PASSWORD=YourStrong!Passw0rd

# SQLARGS are the common flags that get passed to the different mssql-tools
# utilities to connect to the database.
SQLARGS="-S localhost -U SA -P $PASSWORD"

# bcp() and sqlcmd() could probably be combined, but this worked, and I'm lazy.
# They're essentially the same function to call different utilities in the
# container.
bcp() {
    q=$(printf "\"$1\""); shift; args="$@";
    bash -c "docker exec -i $CONTAINER /opt/mssql-tools/bin/bcp $q $args $SQLARGS"
}

sqlcmd() {
    q=$(printf "\"$1\""); shift; args="$@";
    bash -c "docker exec -i $CONTAINER /opt/mssql-tools/bin/sqlcmd -Q $q $args $SQLARGS"
}

# Start the sql server container
docker run \
    -e 'ACCEPT_EULA=Y' \
    -e "MSSQL_SA_PASSWORD=${PASSWORD}" \
    --name $CONTAINER \
    -d \
    mcr.microsoft.com/mssql/server:2019-latest

### Copy the .bak file
docker exec -it $CONTAINER mkdir -p /var/opt/mssql/backup
docker cp $FILENAME "$CONTAINER:/var/opt/mssql/backup/${FILENAME}"

# List logical file paths in the backup
LFILES=$(sqlcmd "RESTORE FILELISTONLY FROM DISK = '/var/opt/mssql/backup/${FILENAME}'" \
    | tr -s ' ' \
    | cut -d ' ' -f 2 \
    | head -n -2 \
    | tail -n +3)

# List logical file names in the backup
LNAMES=$(sqlcmd "RESTORE FILELISTONLY FROM DISK = '/var/opt/mssql/backup/${FILENAME}'" \
    | tr -s ' ' \
    | cut -d ' ' -f 1 \
    | head -n -2 \
    | tail -n +3)

## Create an array of logical file paths and names
readarray -t lnames_arr <<< "$LNAMES"
readarray -t lfiles_arr <<< "$LFILES"

# Create the WITH MOVE clause
WITHMOVE=""
for (( i=0; i<${#lnames_arr[@]}; i++ )); do
    lname=$(echo ${lfiles_arr[$i]} | tr '\' '/'| xargs basename)

    if [ -z "$WITHMOVE" ]; then
        WITHMOVE+="WITH MOVE '${lnames_arr[$i]}' TO '/var/opt/mssql/data/${lname}'"
    else
        WITHMOVE+=", MOVE '${lnames_arr[$i]}' TO '/var/opt/mssql/data/${lname}'"
    fi
done

# Restore the database
RESTORE="RESTORE DATABASE vinlist FROM DISK = '/var/opt/mssql/backup/${FILENAME}' $WITHMOVE"
echo $RESTORE
sqlcmd "$RESTORE"

# Verify that the database exists
sqlcmd "SELECT Name FROM sys.Databases"

# List the tables in the database, for manual verification
sqlcmd "SELECT Name FROM vinlist.sys.Tables"

# List the tables in the database to a variable
TABLES=$(sqlcmd "SELECT Name FROM vinlist.sys.Tables" \
    | tr -s ' ' \
    | cut -d ' ' -f 1 \
    | head -n -2 \
    | tail -n +3)

for t in $TABLES; do
    echo $t

    # Dump the table to a JSON file
    bcp "SELECT * FROM vinlist.dbo.$t FOR JSON PATH, INCLUDE_NULL_VALUES" queryout /var/opt/mssql/backup/$t.json -c

    # Copy the JSON file to the host
    docker cp $CONTAINER:/var/opt/mssql/backup/$t.json $t.json > /dev/null

    # Fix the id field.
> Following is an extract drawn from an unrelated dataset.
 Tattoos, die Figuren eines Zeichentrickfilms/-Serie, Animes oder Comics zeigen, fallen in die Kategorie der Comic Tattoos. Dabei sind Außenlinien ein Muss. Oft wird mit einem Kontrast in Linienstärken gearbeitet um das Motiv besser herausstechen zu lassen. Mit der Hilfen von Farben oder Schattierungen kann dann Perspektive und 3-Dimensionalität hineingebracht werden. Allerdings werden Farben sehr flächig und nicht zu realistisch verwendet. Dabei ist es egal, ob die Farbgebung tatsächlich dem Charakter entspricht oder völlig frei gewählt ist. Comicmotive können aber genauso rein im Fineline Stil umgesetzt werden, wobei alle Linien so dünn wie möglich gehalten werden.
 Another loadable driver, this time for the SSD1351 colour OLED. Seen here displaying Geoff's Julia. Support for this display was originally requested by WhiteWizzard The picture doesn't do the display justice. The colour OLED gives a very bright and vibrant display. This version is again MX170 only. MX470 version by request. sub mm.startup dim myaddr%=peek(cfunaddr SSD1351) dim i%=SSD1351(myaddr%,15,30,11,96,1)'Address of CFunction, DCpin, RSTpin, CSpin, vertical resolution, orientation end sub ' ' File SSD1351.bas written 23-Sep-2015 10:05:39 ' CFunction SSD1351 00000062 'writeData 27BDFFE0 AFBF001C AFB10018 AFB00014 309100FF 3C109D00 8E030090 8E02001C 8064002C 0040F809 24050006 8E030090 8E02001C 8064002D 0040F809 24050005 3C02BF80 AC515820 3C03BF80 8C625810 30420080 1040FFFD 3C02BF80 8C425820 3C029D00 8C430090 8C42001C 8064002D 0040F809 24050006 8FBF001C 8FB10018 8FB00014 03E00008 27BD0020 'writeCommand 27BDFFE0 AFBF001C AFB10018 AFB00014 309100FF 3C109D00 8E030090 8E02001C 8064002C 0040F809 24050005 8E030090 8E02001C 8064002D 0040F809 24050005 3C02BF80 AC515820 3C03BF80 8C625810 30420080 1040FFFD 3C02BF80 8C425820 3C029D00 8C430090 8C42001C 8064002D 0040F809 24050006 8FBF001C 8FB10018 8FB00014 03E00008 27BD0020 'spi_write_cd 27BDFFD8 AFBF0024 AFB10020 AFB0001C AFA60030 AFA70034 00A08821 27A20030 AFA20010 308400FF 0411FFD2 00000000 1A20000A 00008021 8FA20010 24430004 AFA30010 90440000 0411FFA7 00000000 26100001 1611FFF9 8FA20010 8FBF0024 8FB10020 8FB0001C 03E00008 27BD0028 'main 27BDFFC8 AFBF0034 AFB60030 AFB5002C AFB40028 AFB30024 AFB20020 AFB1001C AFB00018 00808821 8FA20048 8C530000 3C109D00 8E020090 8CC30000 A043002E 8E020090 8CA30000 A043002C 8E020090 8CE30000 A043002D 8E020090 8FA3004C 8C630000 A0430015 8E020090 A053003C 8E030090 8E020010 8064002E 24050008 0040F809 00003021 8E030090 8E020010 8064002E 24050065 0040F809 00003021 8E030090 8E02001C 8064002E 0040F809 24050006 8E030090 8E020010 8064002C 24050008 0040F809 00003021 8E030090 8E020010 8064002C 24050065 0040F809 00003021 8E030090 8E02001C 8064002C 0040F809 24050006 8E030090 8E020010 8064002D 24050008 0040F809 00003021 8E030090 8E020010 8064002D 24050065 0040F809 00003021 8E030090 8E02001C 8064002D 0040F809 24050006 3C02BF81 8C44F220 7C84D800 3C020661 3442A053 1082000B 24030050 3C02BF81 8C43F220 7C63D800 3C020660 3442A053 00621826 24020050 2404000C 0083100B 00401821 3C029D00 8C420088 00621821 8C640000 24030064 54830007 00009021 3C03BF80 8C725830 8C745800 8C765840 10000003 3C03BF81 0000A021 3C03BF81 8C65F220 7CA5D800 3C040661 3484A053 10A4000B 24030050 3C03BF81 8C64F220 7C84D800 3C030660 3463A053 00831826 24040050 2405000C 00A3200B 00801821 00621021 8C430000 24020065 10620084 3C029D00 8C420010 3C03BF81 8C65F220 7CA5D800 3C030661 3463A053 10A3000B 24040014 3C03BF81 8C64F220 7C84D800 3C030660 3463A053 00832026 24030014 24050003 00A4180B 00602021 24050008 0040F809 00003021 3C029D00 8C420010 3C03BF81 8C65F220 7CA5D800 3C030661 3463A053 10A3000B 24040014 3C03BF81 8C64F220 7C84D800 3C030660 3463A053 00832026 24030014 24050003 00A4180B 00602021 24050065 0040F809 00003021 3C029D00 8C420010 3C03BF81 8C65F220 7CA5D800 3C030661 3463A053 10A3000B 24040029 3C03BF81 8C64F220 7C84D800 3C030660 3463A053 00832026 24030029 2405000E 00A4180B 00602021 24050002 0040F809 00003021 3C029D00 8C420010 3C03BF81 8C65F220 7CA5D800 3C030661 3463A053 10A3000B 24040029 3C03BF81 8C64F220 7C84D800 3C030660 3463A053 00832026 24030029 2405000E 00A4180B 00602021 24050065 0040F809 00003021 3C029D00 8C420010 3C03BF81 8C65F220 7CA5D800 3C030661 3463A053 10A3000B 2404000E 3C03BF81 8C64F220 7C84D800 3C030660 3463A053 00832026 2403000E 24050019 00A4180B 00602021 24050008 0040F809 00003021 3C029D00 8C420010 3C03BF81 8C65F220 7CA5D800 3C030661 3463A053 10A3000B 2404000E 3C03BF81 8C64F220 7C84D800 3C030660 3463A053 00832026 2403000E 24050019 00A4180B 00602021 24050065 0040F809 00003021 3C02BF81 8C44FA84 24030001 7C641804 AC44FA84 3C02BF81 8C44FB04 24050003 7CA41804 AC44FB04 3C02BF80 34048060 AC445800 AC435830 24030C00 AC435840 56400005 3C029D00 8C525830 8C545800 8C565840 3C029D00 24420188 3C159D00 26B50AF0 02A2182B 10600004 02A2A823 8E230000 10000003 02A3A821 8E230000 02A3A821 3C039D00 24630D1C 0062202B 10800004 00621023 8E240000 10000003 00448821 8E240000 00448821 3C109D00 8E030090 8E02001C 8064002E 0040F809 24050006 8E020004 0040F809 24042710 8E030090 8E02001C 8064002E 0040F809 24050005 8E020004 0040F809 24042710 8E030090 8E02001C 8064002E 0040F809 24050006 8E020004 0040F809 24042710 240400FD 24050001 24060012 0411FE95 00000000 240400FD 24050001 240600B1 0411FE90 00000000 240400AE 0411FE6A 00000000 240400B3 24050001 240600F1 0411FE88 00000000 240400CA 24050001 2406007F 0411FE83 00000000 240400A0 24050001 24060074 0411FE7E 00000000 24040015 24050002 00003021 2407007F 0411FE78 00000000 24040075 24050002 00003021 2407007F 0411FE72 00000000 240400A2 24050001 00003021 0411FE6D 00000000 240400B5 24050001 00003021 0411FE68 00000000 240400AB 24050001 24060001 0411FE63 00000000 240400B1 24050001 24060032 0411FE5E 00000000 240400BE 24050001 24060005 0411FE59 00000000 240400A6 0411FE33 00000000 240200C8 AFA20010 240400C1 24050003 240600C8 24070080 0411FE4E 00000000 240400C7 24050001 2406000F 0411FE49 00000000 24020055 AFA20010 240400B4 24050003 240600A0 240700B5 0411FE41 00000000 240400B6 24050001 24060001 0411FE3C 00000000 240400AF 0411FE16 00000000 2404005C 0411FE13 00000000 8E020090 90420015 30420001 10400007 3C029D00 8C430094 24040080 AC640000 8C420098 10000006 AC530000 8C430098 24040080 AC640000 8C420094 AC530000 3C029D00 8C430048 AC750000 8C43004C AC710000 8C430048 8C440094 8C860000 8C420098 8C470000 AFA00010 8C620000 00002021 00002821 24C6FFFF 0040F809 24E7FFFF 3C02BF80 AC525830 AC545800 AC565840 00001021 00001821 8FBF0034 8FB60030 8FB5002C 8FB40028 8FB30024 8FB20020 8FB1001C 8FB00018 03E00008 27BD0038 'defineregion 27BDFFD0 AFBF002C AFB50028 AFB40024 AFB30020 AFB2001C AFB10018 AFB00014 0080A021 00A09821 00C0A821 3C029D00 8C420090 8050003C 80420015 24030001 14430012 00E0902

Some tables have both "id" and "Id" fields.
    cat $t.json \
        | tr -d '\n' \
        | sed 's/"id"/"Id"/g' \
        | sqlite-utils insert vinlist.db $t --pk=Id -

    # Cleanup
    rm $t.json
    docker exec -it $CONTAINER rm /var/opt/mssql/backup/$t.json
done

# Print the schema to a file. Ideal for sqlc
sqlite3 vinlist.db .schema | tr -d '[]' > schema.sql